Like other functions seen in Chapter 9 and Chapter 10, users can create their own custom functions containing all of the metrics of interest. In the example below we show how to calculate metrics that are based both on point heights and intensities.

custom_crown_metrics <- function(z, i) { # user-defined function
  metrics <- list(
     z_max = max(z),   # max height
     z_sd = sd(z),     # vertical variability of points
     i_mean = mean(i), # mean intensity
     i_max  = max(i)   # max intensity
   )
   return(metrics) # output
}

ccm = ~custom_crown_metrics(z = Z, i = Intensity)

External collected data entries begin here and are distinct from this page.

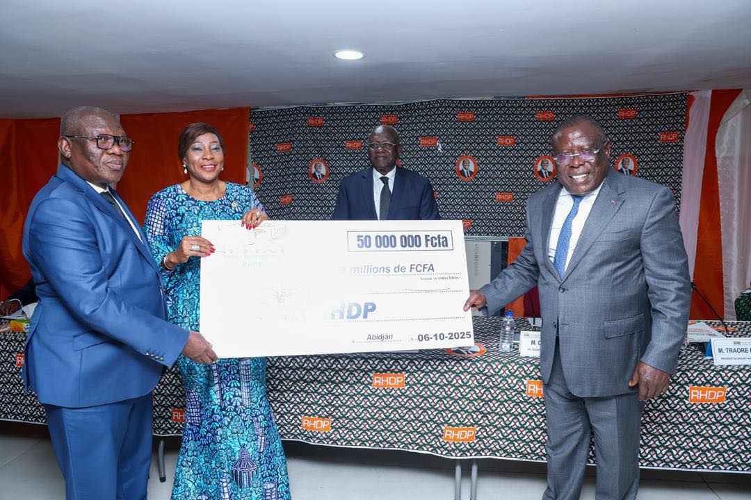 La Direction nationale de campagne du Rassemblement des houphouétistes pour la démocratie et la paix (RHDP) a reçu, lundi 6 octobre 2025, au siège du parti à Cocody Rue Lepic, le soutien financier des sénateurs RHDP et des membres de la Chambre consultative.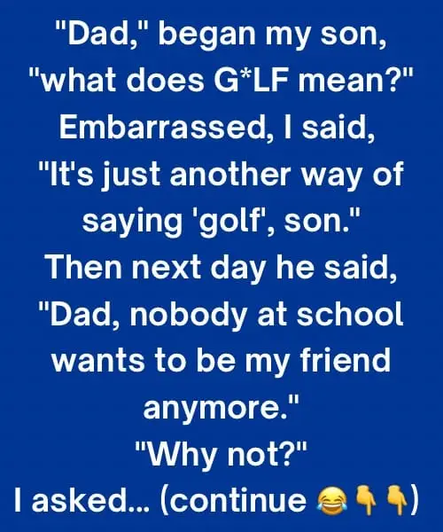 Embarrassed, I said, “It’s just another way of saying ‘golf’, son.”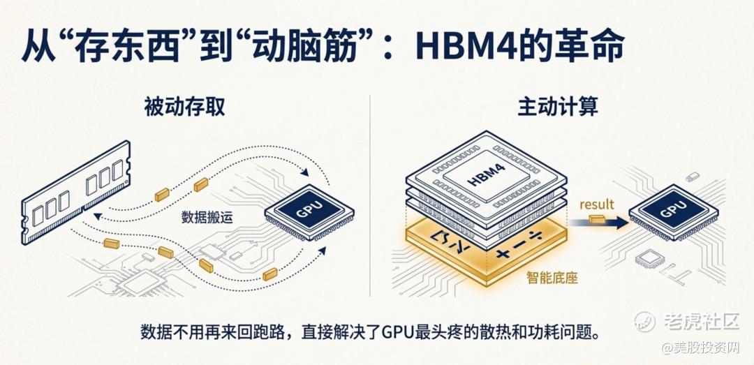 更具革命性的是,美光的 HBM4(新一代超高速显存) 完成了从“存东西”到“动脑筋”的转型。
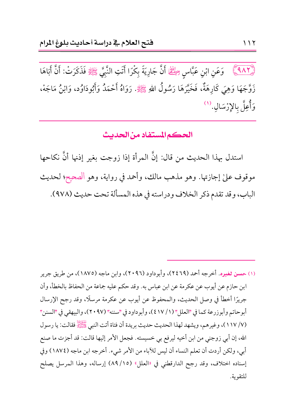٩٨٢ - وَعَنِ ابْنِ عَبَّاسٍ -رضي الله عنهما- أَنَّ جَارِيَةً بِكْرًا أَتَتِ النَّبِيَّ - صلى الله عليه وسلم - فَذَكَرَتْ: أَنَّ أَبَاهَا زَوَّجَهَا وَهِيَ كَارِهَةٌ، فَخَيَّرَهَا رَسُولُ اللهِ - صلى الله عليه وسلم -. رَوَاهُ أَحْمَدُ وَأَبُودَاوُد، وَابْنُ مَاجَهْ، وَأُعِلَّ بِالإِرْسَالِ. (¬١)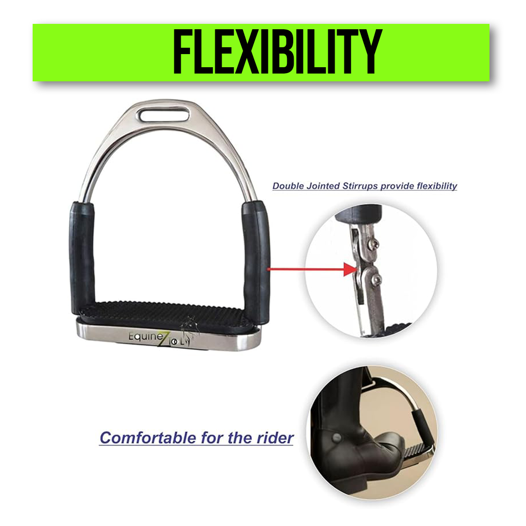 - ⇛PREMIUM BUILD WITH FLEX STAINLESS STEEL: Crafted from flex stainless steel, these 2PC English saddle stirrups offer superior strength, corrosion resistance, and long-lasting durability, making them ideal for both casual riders and professional equestrians.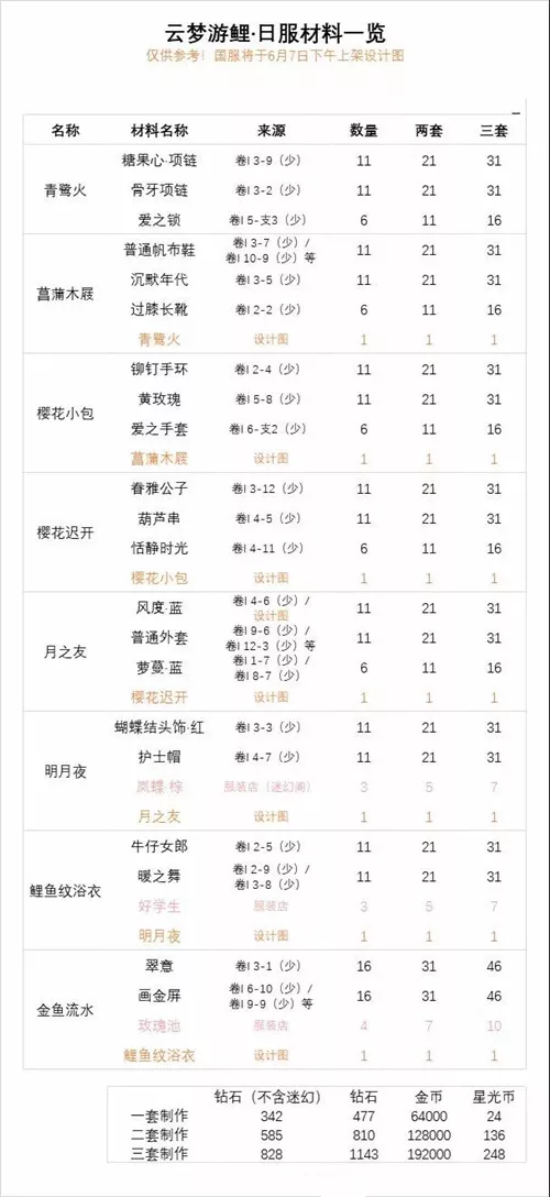 奇迹暖暖云梦游鲤套装材料消耗一览
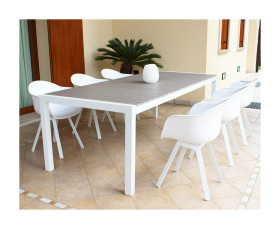 Vorreste invitare in giardino i vostri amici e dare loro il giusto comfort? Questo set è il complemento che fa per voi. La finitura e la scelta del bianco rendono il set neutro e ideale per qualsiasi ambiente esterno arredato con gusto moderno, garantendo al contempo stile e ricercatezza. Il tavolo da pranzo rettangolare da 162 cm allungabile fino a 242 cm è realizzato in alluminio bianco con piano d'appoggio in polywood.

crown_metrics() can also return sf/sfc_POLYGON by changing the geom argument

metrics <- crown_metrics(las, func = ccm, geom = "convex")
plot(metrics["z_max"], pal = hcl.colors)

metrics <- crown_metrics(las, func = ccm, geom = "concave")
plot(metrics["z_max"], pal = hcl.colors)

11.2 Applications

Selection of trees

crown_metrics() gives the ID of trees and associated metrics. We can use these data to filter the scene and remove trees with a low intensity.

metrics <- crown_metrics(las, ~list(imean = mean(Intensity))) # calculate tree intensity metrics
metrics <- metrics[metrics$imean > 80,] # filter intensity

subset <- filter_poi(las, treeID %in% metrics$treeID)
x <- plot(las, bg = "white", size = 4)
plot(subset, add = x + c(-100, 0), size = 5) # some plotting

Tree based inventory

Assuming we know a relationship between the derived metrics and a value of interest G - such as the biomass of a tree - we can map the resource. Lets assume that \(G = 0.7 \times z_{max} + 0.1 \times i_{mean}\). In real life a value of interest is more likely to be related to the crown size, but this is a simplified example. First we can compute G for each tree:

metrics <- crown_metrics(las, func = ~custom_crown_metrics(Z, Intensity)) # calculate intensity metrics
metrics$G <- 0.7 * metrics$z_max + 0.1 * metrics$i_mean # set value of interest
plot(metrics["G"], pal = hcl.colors, pch = 19) # some plotting

Then using a raster package, we can rasterize the map. Here we get the sum of G from each tree within each 15 m pixel to get the total value of G for a given pixel. The final output is a predictive model that mixes the area-based approach and the tree-based-approach.


r <- terra::rast(ext(las),  resolution = 15)
v <- terra::vect(metrics["G"])
map <- terra::rasterize(v, r, field = "G", fun = sum) # extract sum of G at 15m
plot(map, col = hcl.colors(15)) # some plotting

This is a small example that may not be of interest, but one may imagine or test the result on a bigger data set.